*The data*:
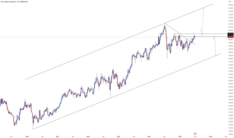 L’analyse hebdomadaire du GBPJPY révèle une configuration technique clé : le prix évolue depuis plusieurs années dans un large canal haussier, avec une zone de résistance majeure testée actuellement autour des 198–200. Cette zone coïncide avec un croisement de plusieurs niveaux techniques : une résistance horizontale historique et une ancienne trendline baissière récemment cassée. Deux scénarios principaux s’offrent aux traders : soit le prix casse nettement cette zone, validant ainsi une poursuite haussière vers la borne haute du canal autour de 215–220 ; soit il rejette violemment cette zone, conduisant à une correction technique vers les 185–180, qui correspondraient à la zone basse du canal. La clôture hebdomadaire sera donc décisive pour confirmer la direction dominante.
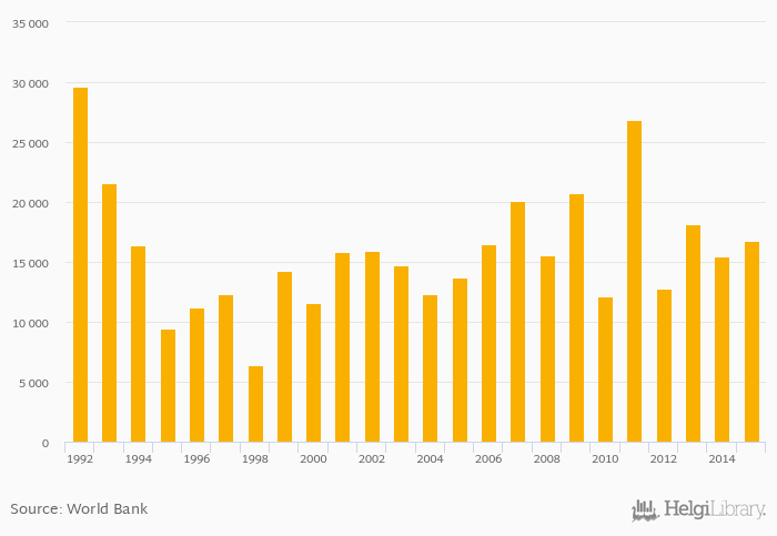 | Kazakhstan | kt | 20,764 | 12,116 | 26,826 | 12,788 | 18,141 | ||||||||||||||||
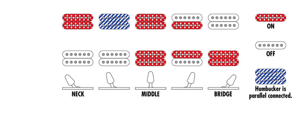 DiMarzio®ピックアップと5ウェイ配線による多彩なサウンド
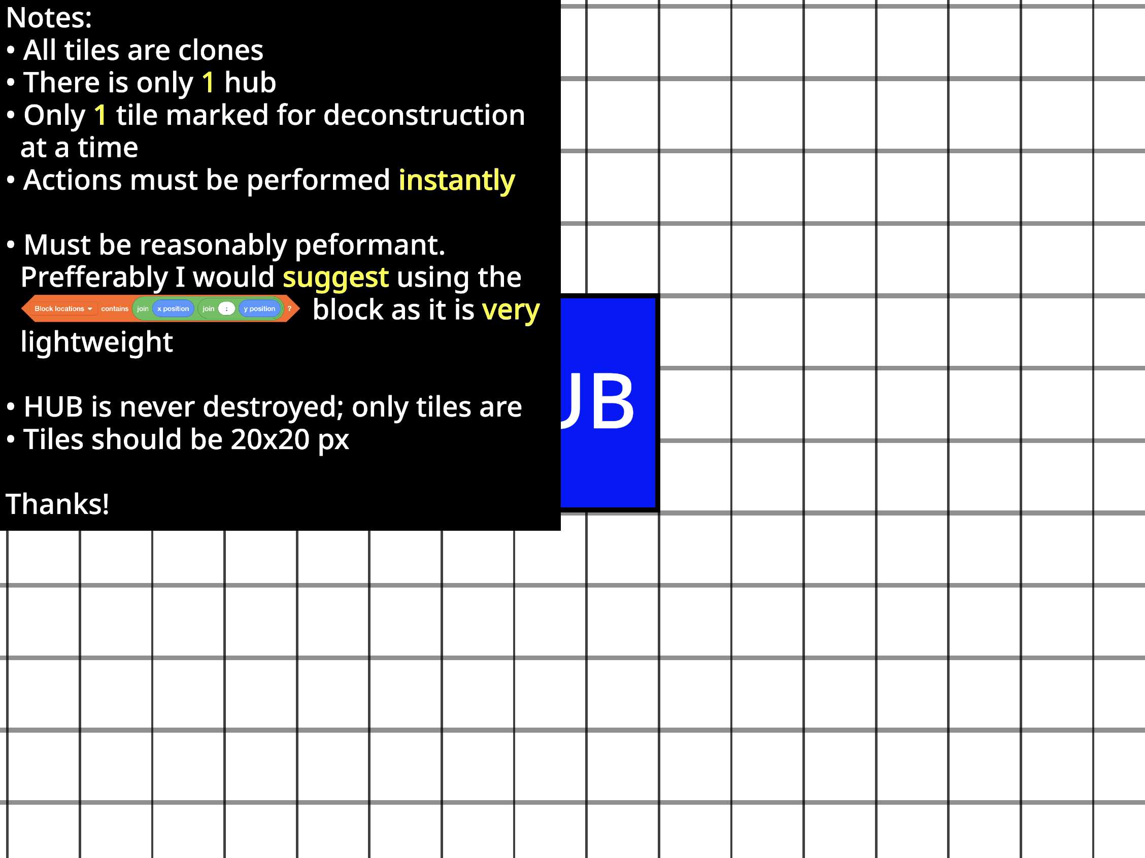 The game revolves around building factories, and you must build hundreds to thousands of machines. The tile code has to be reasonably performant and lightweight (i.e no constant checking, no touching blocks, no messages, etc).

*Required work*: Would you transcribe the lines above exactly, going from the line bearing "18,141 | ||||||||||||||||" through the line bearing "DiMarzio®ピックアップと5ウェイ配線による多彩なサウンド", and drop the pictures from the copy?

*Output for this exercise*:
 | Kazakhstan | kt | 20,764 | 12,116 | 26,826 | 12,788 | 18,141 | ||||||||||||||||
 DiMarzio®ピックアップと5ウェイ配線による多彩なサウンド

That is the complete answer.